A diagram of an atom. Photo by AG Caesar, distributed under a CC BY-SA 4.0 license.

Nuclear reactions

There are three different types of Nuclear Reactions.

  1. Radioactive Decay
  2. Nuclear Fission
  3. Nuclear Fusion

Radioactive Decay

Photo by Pearson Scott Foresman, released into the public domain by the author.
  • Radioactive decay occurs when a nucleus is unstable.
  • In nature, extremely heavy atoms undergo radioactive decay because they are unstable. An example is Uranium.
  • When there is a major difference between the number of protons and the number of neutrons in an atom, it also is unstable.
  • When atoms undergo radioactive decay they usually turn into another element and release radiation (particles or photons).
  • Radioactive decay is what makes things like uranium and nuclear waste radioactive and dangerous to handle.

Nuclear Fission

Nuclear Fission. Photo by BC Open Textbooks, distributed under a CC BY 4.0 license.
  • Nuclear Fission is when a heavy atom splits into two lighter atoms. When a neutron hits the nucleus of an atom like Uranium, it causes the atom to break apart.
  • It is millions of times more powerful than chemical reactions.
  • A heavy atom is known as “fissile” if it can be split easily. Fissile atoms can sustain chain reactions when a critical mass is present.
  • Uranium 235, an isotope or type of Uranium that is found in small quantities in natural uranium, is fissile. When a neutron hits U235, it splits. This releases 2-3 neutrons, two other light atoms, and a lot of energy. Those neutrons can in turn split more atoms causing a chain reaction. A runaway fission reaction is what powers an atom bomb. Controlled chain reactions are needed for nuclear power generation.
  • Ninety-nine percent of natural uranium is of the isotope 238. U238 is not fissile; it cannot sustain a chain reaction. Zero-point-seven percent of natural uranium is U235. The fuel has to be enriched to three to five percent U235 in order to sustain a chain reaction and be used for electric generation, according to World-Nuclear. This process is expensive because giant centrifuge plants are needed, and it is dangerous because the same technology can be used to make nuclear bombs.
  • Fission powers modern-day nuclear power plants.

Nuclear Fusion

Nuclear Fusion of Deuterium and Tritium. Photo by Wykis, released into the public domain by the author.
  • Nuclear Fusion is when two atoms fuse together into a third element.
  • When light atoms fuse they release a lot of energy, more than nuclear fission.
  • The most powerful fusion reaction is when tritium (an isotope of hydrogen with two neutrons), and deuterium (hydrogen with one neutron) fuse together to form helium. This is eight times as powerful as nuclear fission.

The Downsides of Fusion

  • We have not been able to build a fusion power plant that produces as much energy as is put in. We have only achieved 70 percent out.
  • This is because for atoms to fuse, they need to be raised to around 100 million degrees Celcius to break their electrostatic repulsion and fuse. Getting to 100 million degrees is difficult. But once the fuel is at 100 million degrees and lots of fusion starts, the reaction can continue going on its own, with the heat from the fusion reactions keeping the fuel at millions of degrees. This is called ignition.
  • Fusion has only produced more energy than was put in during the detonation of hydrogen bombs. Fusion fuel is compressed and heated by a fission bomb until there is a fusion chain reaction.

The Future of Fusion

Image courtesy of Pixabay.
  • Nuclear Fusion has the ability to end climate change. Seawater contains enough of the heavy hydrogen fuel that is required to power our civilization for 6 million years.
  • Fusion reactors cannot meltdown. Fuel is confined in a fusion reactor by magnetic fields and other methods. But once this confinement is switched off or is disturbed by an anomaly, the fusion fuel disperses, and the temperature drops until the reaction stops. There is also not enough fuel in the reactor at any one time for a chain-reaction-causing meltdown.
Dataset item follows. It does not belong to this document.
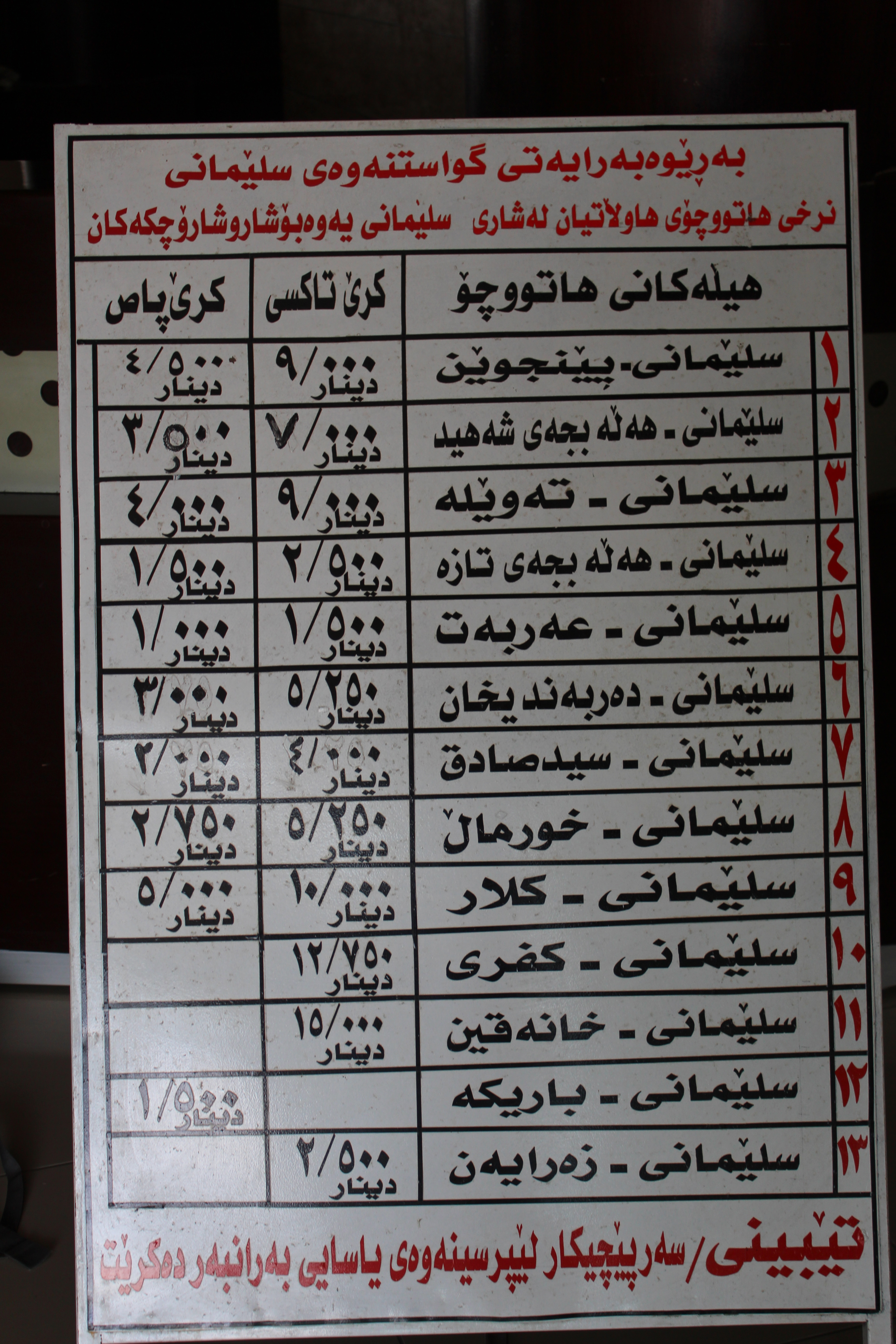 Suli <-> Halabja: 3,500 dinar (seh hezar oo nyoo dinar). About 1.5 hours.

Different Approaches to Fusion

  • One method of causing nuclear fusion uses magnetic fields to confine plasma into a donut shape. The plasma is then heated to fusion temperatures. This is the most promising method.
  • Lasers can also be used. A five hundred trillion watt laser is pointed at a small pellet of fusion fuel and the atoms are forced to fuse.
  • Another method is electric fields. Giant capacitors dump lots of electricity into small wires. This causes fusion fuel to implode and fuse.
Image credit: Pixabay.

Today’s Nuclear Power Plants

  • Nuclear Power Plants today run on Nuclear Fission.
  • They are usually fueled by partially enriched uranium, but sometimes Plutonium can also be used. All reactors in the US run on uranium.
  • There are 58 nuclear power plants in the US, accounting for 20 percent of electricity generation.
  • In the US there are boiling water reactors (BWRs) and pressurized water reactors (PWRs). There are many more PWRs.
  • There are only a few major differences between PWRs and BWRs. Because of this and the prevalence of PWRs, only the design of Pressurized Water Reactors will now be discussed.

How a PWR Nuclear Reactor Works: The Core

  •  The nuclear reactor core is where the nuclear reactions take place.
  • The core is located in a pressure vessel made of steel. The pressure is kept at over one hundred atmospheres.
  • There are around 200 fuel assemblies in the core. Each assembly is a bundle of 100 zirconium fuel rods. Inside the rods are uranium fuel pellets. These pellets are what undergo fission.
  • Control rods made out of boron or cadmium, which absorb neutrons, are kept inserted into the core, between the fuel assemblies. When they are withdrawn, the fission reaction starts.
  • Cooling water is circulated through the core and carries away heat. This water cannot boil even though it is at over 620 degrees Fahrenheit because of the pressure. This gives the reactor its name.
Diagram of a PWR reactor pressure vessel and the core within. This image is a work of a United States Department of Energy (or predecessor organization) employee, taken or made as part of that person’s official duties. As a work of the U.S. federal government, the image is in the public domain.
An image of a nuclear fuel assembly. The fuel is inside the vertical tubes. Image by 2427999 from Pixabay.

Cooling and Steam Generation

  • Coolant is pumped into the pressure vessel at the bottom and comes out the top 350 degrees C (600 F).
  • The hot water goes into a giant machine called a steam generator. Inside, the hot coolant is pumped into many small U-shaped tubes. These tubes are inside a massive reservoir of secondary water. Heat is transferred from the water in the U tubes to the secondary water. The secondary water boils and turns to steam. The secondary water, unlike the primary, is not radioactive.
  • This steam is pumped to the steam turbine.
An image of the steam generator of a PWR reactor. Photo by Mliu92, distributed under a CC BY-SA 4.0 license.

Turbine, Electric Generator, and Condensation

  • Steam is piped from the steam generator to the steam turbine. The steam turbine looks like a jet engine. 
  • The steam turbine blades start spinning when high-pressure steam passes through them. The turbine spins at 1500 revolutions per minute.
  • The turbine central shaft is attached to an electric generator. The spinning of magnets inside the generator generates hundreds of megawatts of electricity.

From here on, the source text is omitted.